Relax... its just a tender submission. I still have time to tell the customer what they really want, after I win. :thumbup:

Thanks everyone for the info and opinions

:thumbsup:


----------



## ponyboy (Nov 18, 2012)

if you really had to protect the whole panel couldn't you use some sort of shunt trip operating off a relay/ground fault monitoring system. just pulling stuff out my ass right now


----------



## vinister (Apr 11, 2012)

Yep Hubbell has that system. Pretty much the same thing though... the kit they offer is installed on Gensets and protects the whole output. 

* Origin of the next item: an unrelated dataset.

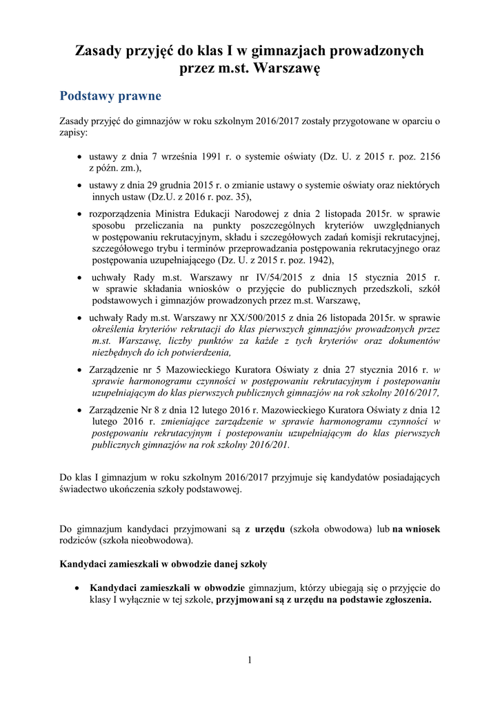 Zasady przyjęć do klas I w gimnazjach prowadzonych przez m.st. Warszawę Podstawy prawne Zasady przyjęć do gimnazjów w roku szkolnym 2016/2017 zostały przygotowane w oparciu o zapisy: ustawy z dnia 7 września 1991 r. o systemie oświaty (Dz. U. z 2015 r. poz. 2156 z późn. zm.), ustawy z dnia 29 grudnia 2015 r. o zmianie ustawy o systemie oświaty oraz niektórych innych ustaw (Dz.U. z 2016 r. poz. 35), rozporządzenia Ministra Edukacji Narodowej z dnia 2 listopada 2015r. w sprawie sposobu przeliczania na punkty poszczególnych kryteriów uwzględnianych w postępowaniu rekrutacyjnym, składu i szczegółowych zadań komisji rekrutacyjnej, szczegółowego trybu i terminów przeprowadzania postępowania rekrutacyjnego oraz postępowania uzupełniającego (Dz. U. z 2015 r. poz. 1942), uchwały Rady m.st. Warszawy nr IV/54/2015 z dnia 15 stycznia 2015 r. w sprawie składania wniosków o przyjęcie do publicznych przedszkoli, szkół podstawowych i gimnazjów prowadzonych przez m.st. Warszawę, uchwały Rady m.st. Warszawy nr XX/500/2015 z dnia 26 listopada 2015r. w sprawie określenia kryteriów rekrutacji do klas pierwszych gimnazjów prowadzonych przez m.st. Warszawę, liczby punktów za każde z tych kryteriów oraz dokumentów niezbędnych do ich potwierdzenia, Zarządzenie nr 5 Mazowieckiego Kuratora Oświaty z dnia 27 stycznia 2016 r. w sprawie harmonogramu czynności w postępowaniu rekrutacyjnym i postepowaniu uzupełniającym do klas pierwszych publicznych gimnazjów na rok szkolny 2016/2017, Zarządzenie Nr 8 z dnia 12 lutego 2016 r. Mazowieckiego Kuratora Oświaty z dnia 12 lutego 2016 r. zmieniające zarządzenie w sprawie harmonogramu czynności w postępowaniu rekrutacyjnym i postepowaniu uzupełniającym do klas pierwszych publicznych gimnazjów na rok szkolny 2016/201. Do klas I gimnazjum w roku szkolnym 2016/2017 przyjmuje się kandydatów posiadających świadectwo ukończenia szkoły podstawowej. Do gimnazjum kandydaci przyjmowani są z urzędu (szkoła obwodowa) lub na wniosek rodziców (szkoła nieobwodowa). Kandydaci zamieszkali w obwodzie danej szkoły Kandydaci zamieszkali w obwodzie gimnazjum, którzy ubiegają się o przyjęcie do klasy I wyłącznie w tej szkole, przyjmowani są z urzędu na podstawie zgłoszenia. 1 Kandydaci spoza obwodu Kandydaci, dla których wybrana szkoła nie jest szkołą obwodową, biorą udział w postępowaniu rekrutacyjnym. Mogą ubiegać się o przyjęcie do dowolnie wybranych szkół, układając własną listę preferencji. Szkoła umieszczona na pierwszym miejscu listy jest tzw. szkołą pierwszego wyboru. Niezależnie od liczby wybranych szkół, rodzice/prawni opiekunowie składają wniosek o przyjęcie kandydata wyłącznie w szkole pierwszego wyboru. Umieszczenie na liście preferencji (na dowolnej pozycji) szkoły obwodowej oznacza, że kandydat ma w niej zapewnione miejsce w sytuacji, gdy nie zostanie zakwalifikowany do innej szkoły. Laureaci i finaliści Zgodnie z art. 20d ust. 1 laureat lub finalista ogólnopolskiej olimpiady przedmiotowej oraz laureat konkursu przedmiotowego o zasięgu wojewódzkim lub ponadwojewódzkim, przeprowadzonych zgodnie z przepisami wydanymi na podstawie art. 22 ust. 2 pkt 8, są przyjmowani w pierwszej kolejności do publicznego gimnazjum, publicznego gimnazjum integracyjnego, publicznego gimnazjum dwujęzycznego, oddziału dwujęzycznego w publicznym gimnazjum ogólnodostępnym, oddziału międzynarodowego w publicznym gimnazjum ogólnodostępnym, oddziału integracyjnego w publicznym gimnazjum ogólnodostępnym. Zgodnie z art. 20d ust. 2 laureat lub finalista ogólnopolskiej olimpiady przedmiotowej oraz laureat konkursu przedmiotowego o zasięgu wojewódzkim lub ponadwojewódzkim, przeprowadzonych zgodnie z przepisami wydanymi na podstawie art. 22 ust. 2 pkt 8, są przyjmowani w pierwszej kolejności do publicznego gimnazjum sportowego, publicznego gimnazjum mistrzostwa sportowego, oddziału sportowego w publicznym gimnazjum ogólnodostępnym, jeżeli uzyskali pozytywne wyniki prób sprawności fizycznej. Postępowanie rekrutacyjne na rok szkolny 2016/2017 będzie prowadzone z wykorzystaniem systemu informatycznego, w terminach określonych w harmonogramie rekrutacji. Włączenie się w postępowanie rekrutacyjne musi nastąpić pomiędzy datą rozpoczęcia zapisów a datą ich zakończenia jednak: data i godzina wprowadzenia danych dziecka do systemu informatycznego, data i godzina wydrukowania wniosku, data i godzina złożenia wniosku w szkole, data i godzina zatwierdzenia wniosku nie będą miały żadnego wpływu na przyjęcie kandydata. Rodzice/prawni opiekunowie: wypełniają w systemie informatycznym wniosek/zgłoszenie, drukują wypełniony wniosek/zgłoszenie i po podpisaniu przez oboje rodziców/prawnych opiekunów, składają go w gimnazjum pierwszego wyboru. 2 Podpisy złożone na wniosku/zgłoszeniu są potwierdzeniem zgodności podanych informacji ze stanem faktycznym. Za sprawdzenie i potwierdzenie zgodności informacji zawartych we wniosku/zgłoszeniu z informacjami w systemie informatycznym oraz wydanie potwierdzenia przyjęcia wniosku/zgłoszenia odpowiedzialny jest dyrektor gimnazjum pierwszego wyboru/szkoły obwodowej albo upoważniony pracownik szkoły. Do wniosku rodzice/prawni opiekunowie dołączają, określone w ustawie o systemie oświaty, rozporządzeniu MEN w sprawie przeliczania na poszczególne punkty (…) oraz uchwale Nr XX/500/2015 Rady m.st. Warszawy, oświadczenia oraz dokumenty potwierdzające spełnianie kryteriów. Oświadczenia składa się pod rygorem odpowiedzialności karnej za składanie fałszywych zeznań. Składający oświadczenie jest obowiązany do zawarcia w nim klauzuli następującej treści: „Jestem świadomy odpowiedzialności karnej za złożenie fałszywego oświadczenia” (art. 20t ust 6 ustawy o systemie oświaty). Wniosek rozpatruje komisja rekrutacyjna powołana przez dyrektora szkoły. W przypadku nieprzedłożenia dokume

Its about $150 in parts for a 50A.


----------



## hydro (Aug 21, 2009)

Would it be to simple to have a 2 pole panel with a gfci breaker feeding the main panel? Similar to a hot tub installation


----------



## Shockdoc (Mar 4, 2010)

I do that with pools using a 60 amp DP GFCI, a lower cost option but a PIA to some when a problem arises. Easy to troubleshoot to qualified electricians.


----------



## brian john (Mar 11, 2007)

vinister said:


> Yep Hubbell has that system. Pretty much the same thing though... the kit they offer is installed on Gensets and protects the whole output.
> 
> Its about $150 in parts for a 50A.


A GFCI or GFPE?


----------



## bennysecond (Jan 18, 2013)

Exactly like John says. 

If they want one on main: Do GFPE and GFCI on runs they need. 
Then you have no problems with tripping all the time.:thumbsup:


----------



## chicken steve (Mar 22, 2011)

That'd be almost like the Euro step grade differential installs....~CS~


----------



## frenchelectrican (Mar 15, 2007)

chicken steve said:


> That'd be almost like the Euro step grade differential installs....~CS~


Pretty much correct on that answer.

Merci,
Marc


----------